By Outlook I take it you mean MS Outlook (not express) ?
In either case it would depend on if this happened during an on-demand or on-access (by the relevant email scanner {Internet Mail or Outlook/Exchange}).
I believe if this were on an on-demand scan avast would air on the side of caution as deletion of an infected email within either a .pst or .bdx file could result in the corruption of the database file with the potential loss of ‘all’ emails in that .pst or .dbx file.
If it were with the on-access email scanner you should not only had an alert but it should have placed an entry in the avast log viewer. If you use MS Outlook and the Outlook/Exchange provider, you can be much more flexible with how this is processed, in which case you would have to look to any changes you made. Such as move to a specific folder, etc. see image.
Unfortunately, I don’t use MS Outlook (Outlook/Exchange), so I can’t be much practical help in that regard.
If you deleted it manually within Outlook then I wouldn’t expect avast to find anything on a boot-time scan, I’m not sure if a boot-time scan would actually scan .pst or .dbx files. I would however suggest that you empty your deleted items folder to ensure that the item has gone from there also and then compact the folder (not sure if that is the correct term for Outlook).
I wouldn’t expect an infected email attachment would have any impact unless you actually ran it. I have had a quick look at your log and didn’t see anything obvious.
Hi :
The only Item I spotted was the unnecessary “Bonjour Service”, also known
as “Bonjour\mDNSResponder” .
Regarding ITunes/Bonjour-mDNSResponder : according to the Info at
www.liutilities.com/products/wintaskspro/processlibrary/mdnsresponder , this
is a NON-ESSENTIAL process/NOT a critical component as related to ITunes .

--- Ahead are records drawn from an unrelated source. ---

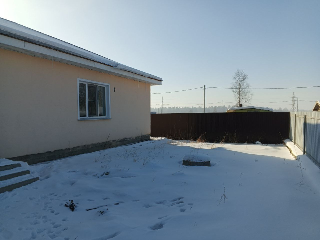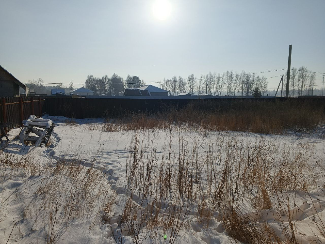 Участок огорожен забором из профлиста.
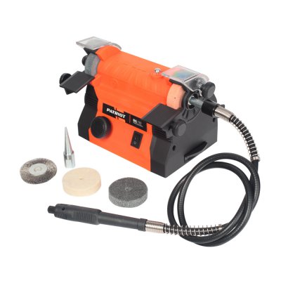 ТОЧИЛО "PATRIOT" BG 110 с гравером на гибком валу и насадками в комплекте. Малогабаритный корпус агрегата отличается простотой хранения и транспортировки. Стабильная частота вращения оснастки гарантирует высокое качество результата работы. Упоры для инструмента и прозрачные кожухи способствуют удобству и безопасности эксплуатации.
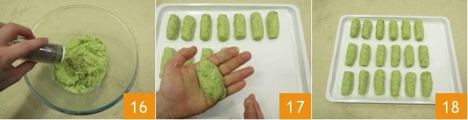 Zum Schluss mit Salz und Pfeffer abschmecken 16. 40 Gramm der Masse abnehmen und die Kroketten formen, indem Sie die Masse 17 zu Zylindern formen, die leicht abgerundet, 3 cm dick und 7 cm lang sind: So sollten Sie 18 Stück erhalten. Legen Sie die Kroketten nach und nach auf ein Tablett, auf das Sie zuvor ein Blatt Backpapier gelegt haben, damit sie nicht am Boden kleben bleiben 18.

Should consider the Info at www.raymond.cc/blog/archives/2008/02/10/how-to-uninstall-or-remove-bonjour-mdnsresponderexe/ and seriously
consider uninstalling it by using the “Removal Instructions” there .
Info on the raymond.cc Site says an unnecessary “port” is opened on
your computer that malware could come through and AFTER Bonjour is
completely removed, that “port” is closed .
As a fellow Sygate User, I hope you have set it up according to the Advice at
www.kotiposti.net/string/SPF_eng/SPFGuide.html !?
Thanks so much for your help!
I have microsoft office outlook. I deleted the email, then emptied the deleted items bin and ran Avast and it no longer shows the Win32:Zbot-BEJ. Can you get an infection from an unopened email? Anyway I will keep a close eye on things and follow your advise about Bonjour. You guys rock!
Hello badgerdog,
Yes it can come via an e-mail,
http://www.malwarelist.org/startup/scheda.asp?num=4287
Il trojan arriva con un email relativo ad una spedizione UPS con oggetto “You Tracking # 827527185” con allegato il UPSINVOICE_866182.ZIP.
Il file file zip contiene il seguente file eseguibile: UPSINVOICE_866182.exe, se eseguito instalerà il file Twext.exe
The trojan comes with an email for a postal package from UPS with the subject “You Tracking # 827527185” with the attached UPSINVOICE_866182.ZIP.
The file zip file contains the following executable file: UPSINVOICE_866182.exe, if executed installs Twext.exe
It is a malicious tracking number spam e-mail with the UPS tracking number trojan attached,
polonus
Short answer:
Anything is possible.
Longer answer:
Don’t have the Preview pane open in youe Outlook as that would effectively be enough for things in the email to be opened (not attachments)
Most email infections come by attachment and you would have to open that attachment, what ever you do never open an attachment directly from an email even if you think it is OK (bad habit to get into). Always save the attachment to you hard disk, that way avast should have a crack at scanning new files.
There are some emails that have iframes in them and they can be very powerful, commonly in emails this is used by some to load adverts, but they can also run malicious scripts from the internet. Thankfully if you receive an email with an iFrame in it avast normally alerts, calling it suspicious, mainly because the iFrame is more used on web pages but can be used in HTML emails too and they are very powerful.